### DATA IN THIS EXERCISE
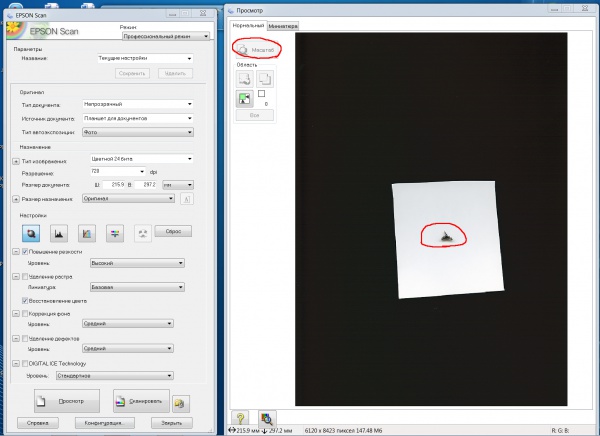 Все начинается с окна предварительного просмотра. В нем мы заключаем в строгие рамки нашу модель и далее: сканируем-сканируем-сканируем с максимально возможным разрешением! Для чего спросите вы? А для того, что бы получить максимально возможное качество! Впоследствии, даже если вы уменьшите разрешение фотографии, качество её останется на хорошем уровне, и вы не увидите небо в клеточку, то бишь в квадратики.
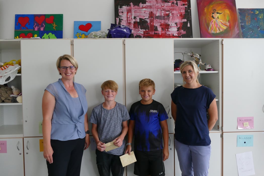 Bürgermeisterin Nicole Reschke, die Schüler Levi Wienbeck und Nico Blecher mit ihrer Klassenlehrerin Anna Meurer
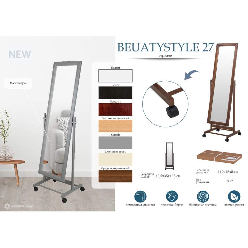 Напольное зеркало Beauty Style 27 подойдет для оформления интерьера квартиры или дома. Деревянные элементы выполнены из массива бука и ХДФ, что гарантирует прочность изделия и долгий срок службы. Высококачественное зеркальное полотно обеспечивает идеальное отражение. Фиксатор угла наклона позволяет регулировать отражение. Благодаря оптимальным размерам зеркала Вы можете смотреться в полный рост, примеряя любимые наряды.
######
### DATA IN THIS EXERCISE
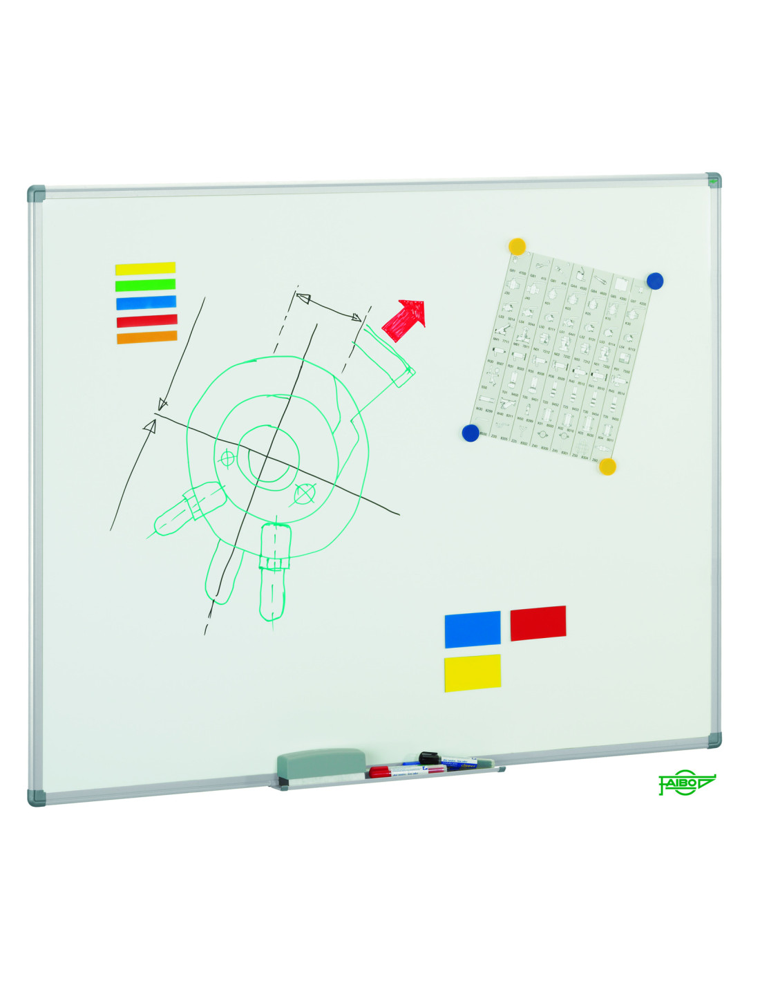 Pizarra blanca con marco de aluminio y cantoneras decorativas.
######
TASK DESCRIPTION » Reproduce, exactly and only, the lines of the records above starting at the line with "Все начинается с" and ending at the line with "Напольное зеркало Beauty", both included. Leave every picture out.

THE ANSWER »
 Все начинается с окна предварительного просмотра. В нем мы заключаем в строгие рамки нашу модель и далее: сканируем-сканируем-сканируем с максимально возможным разрешением! Для чего спросите вы? А для того, что бы получить максимально возможное качество! Впоследствии, даже если вы уменьшите разрешение фотографии, качество её останется на хорошем уровне, и вы не увидите небо в клеточку, то бишь в квадратики.
 Bürgermeisterin Nicole Reschke, die Schüler Levi Wienbeck und Nico Blecher mit ihrer Klassenlehrerin Anna Meurer
 Напольное зеркало Beauty Style 27 подойдет для оформления интерьера квартиры или дома. Деревянные элементы выполнены из массива бука и ХДФ, что гарантирует прочность изделия и долгий срок службы. Высококачественное зеркальное полотно обеспечивает идеальное отражение. Фиксатор угла наклона позволяет регулировать отражение. Благодаря оптимальным размерам зеркала Вы можете смотреться в полный рост, примеряя любимые наряды.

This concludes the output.